2. 此现象不会造成分片数据丢失，只需要重新触发一下分配即可。在Kibana的“Dev Tools”页面执行命令POST /_cluster/reroute?retry_failed=true手动对未分配分片进行分配，等待索引分片分配完成，集群状态变为可用。
索引参数版本不匹配
1. 返回信息中的索引名称“index”和索引未分配解释“explanation ”: “node does not match index setting [index.routing.allocation.include] filters [_tier_preference:"data_hot OR data_warm OR data_cold"]”，表示集群的某个索引设置的参数与节点不匹配。
  图8 索引参数不匹配
2. 执行命令 GET index_name/_settings查看索引配置，返回结果中是否存在不符合自身版本的索引特性。
  图9 索引设置
  
  以index.routing.allocation.include._tier_preference特性为例，当前集群是7.9.3版本，这个索引特性是在7.10版本之后才支持的，低版本集群使用该特性将无法分配索引的分片，导致集群不可用。
3. 确定集群是否必须使用该不匹配的特性。
  - 是，创建与所需索引特性相匹配的版本集群，然后将老集群的数据通过备份恢复至新集群。
  - 否，执行下一步。
4. 执行命令去除索引中不符合集群版本的特性。
```
PUT /index_name/_settings
{
  "index.routing.allocation.include._tier_preference": null
}
```
5. 执行命令POST /_cluster/reroute?retry_failed=true手动对未分配分片进行分配，等待索引分片分配完成，集群状态变为可用。
主分片数据损坏
1. 返回信息中的索引名称"index"、分片标号"shard"、分配解释"allocate_explanation" 和"store_exception":"type":"corrupt index exception"，表示集群的某个索引的某个分片数据被损坏。
  图10 索引数据损坏
2. 当索引数据被损坏或者某个分片的主副本都丢失时，为了能使集群恢复green状态，解决方法是划分一个空shard，执行以下命令划分空分片并指定分配的节点。
```
POST /_cluster/reroute
{
    "commands" : [
            {
            "allocate_empty_primary" : {
                "index" : "index_name", 
                "shard" : 2,
                "node" : "node_name",
                "accept_data_loss":true
            }
        }
    ]
}
```
  一定要谨慎该操作，会导致对应分片的数据完全清空。
3. 索引分片重新分配后，集群状态恢复可用。
磁盘使用率过高
1. 返回结果如下，其中“allocate_explanation”表示该索引的分片无法分配给任何数据节点，“explanation”表示节点磁盘使用率已超过磁盘空间允许的最大值。
  图11 explain查询结果
  - 磁盘使用率超过85%：会导致新的分片无法分配。
  - 磁盘使用率超过90%：集群会尝试将对应节点中的分片迁移到其他磁盘使用率比较低的数据节点中。无法迁移时系统会对集群每个索引强制设置“read_only_allow_delete”属性，此时索引将无法写入数据，只能读取和删除对应索引。

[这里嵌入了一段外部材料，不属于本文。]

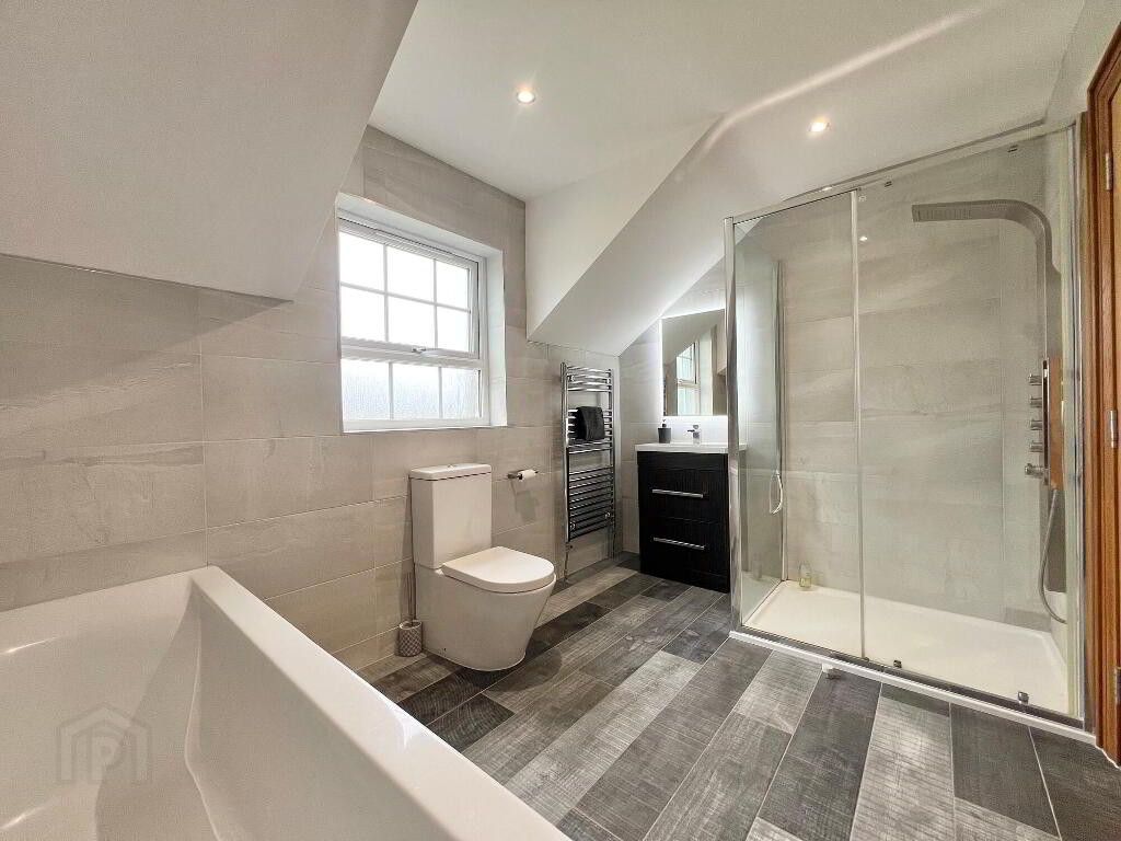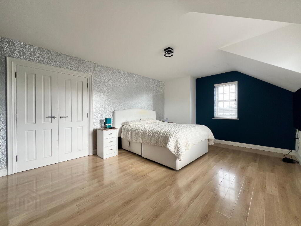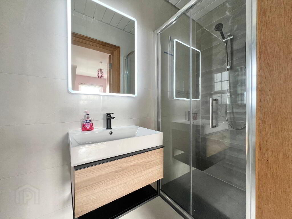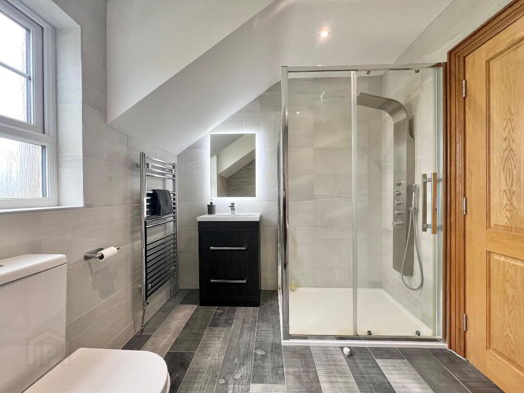 Bedroom One (En-Suite) With laminate wood floor, built in cupboard. En-suite with contemporary three piece white suite comprising of with wc, wall hung whb and vanity unit, illuminated mirror, power shower, walls & floor fully tiled.
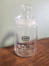 Apothecary Jar Vintage Advertising Glass with Lid Farmer's Co-op Oil Company
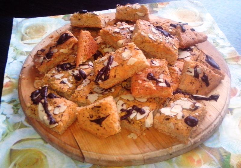 Замесите тесто, раскатайте его на мелкие шарики величиной с лесной орех. Выложите их на смазанный маслом противень плотно один к другому и выпекайте 20 минут при температуре 200-220ºС. При выпечке шарики расплывутся и образуют сплошной пласт, напоминающий мостовую. Готовую коврижку остудите и покройте с помощью кисточки сахарным сиропом. Когда сироп застынет, разрежьте пласт на порционные кусочки.

  - 磁盘使用率过高时可能会发生节点脱离，后续节点自动恢复后也可能会因为集群压力过大，监控调ES接口查询集群状态时无响应，无法及时更新集群状态导致集群状态为不可用。
2. 增加集群可用磁盘容量。
  - 在Kibana的“Dev Tools”页面，执行命令DELETE index_name清理集群的无效数据释放磁盘空间。
  - 临时降低索引副本数，待扩容磁盘容量或扩容节点完成后改回索引副本数。
    1. 在Kibana的“Dev Tools”页面，执行命令临时降低索引副本数。
```
PUT index_name/_settings
{
  "number_of_replicas": 1
}
```
      如果返回结果如下：
      图12 索引read-only-allow-delete状态
      
      则是因为磁盘使用率已超过磁盘空间允许的最大值，集群所有索引被强制设置“read_only_allow_delete”属性，先执行命令将该属性值置为“null”，再执行2.a的命令降低索引副本数。
```
PUT /_settings
{
  "index.blocks.read_only_allow_delete": null
}
```
    2. 参考扩容对集群进行节点数量或节点存储容量进行扩容。
    3. 待扩容完成后再执行2.a改回索引副本数，待索引分片完全分配后，集群状态变为可用。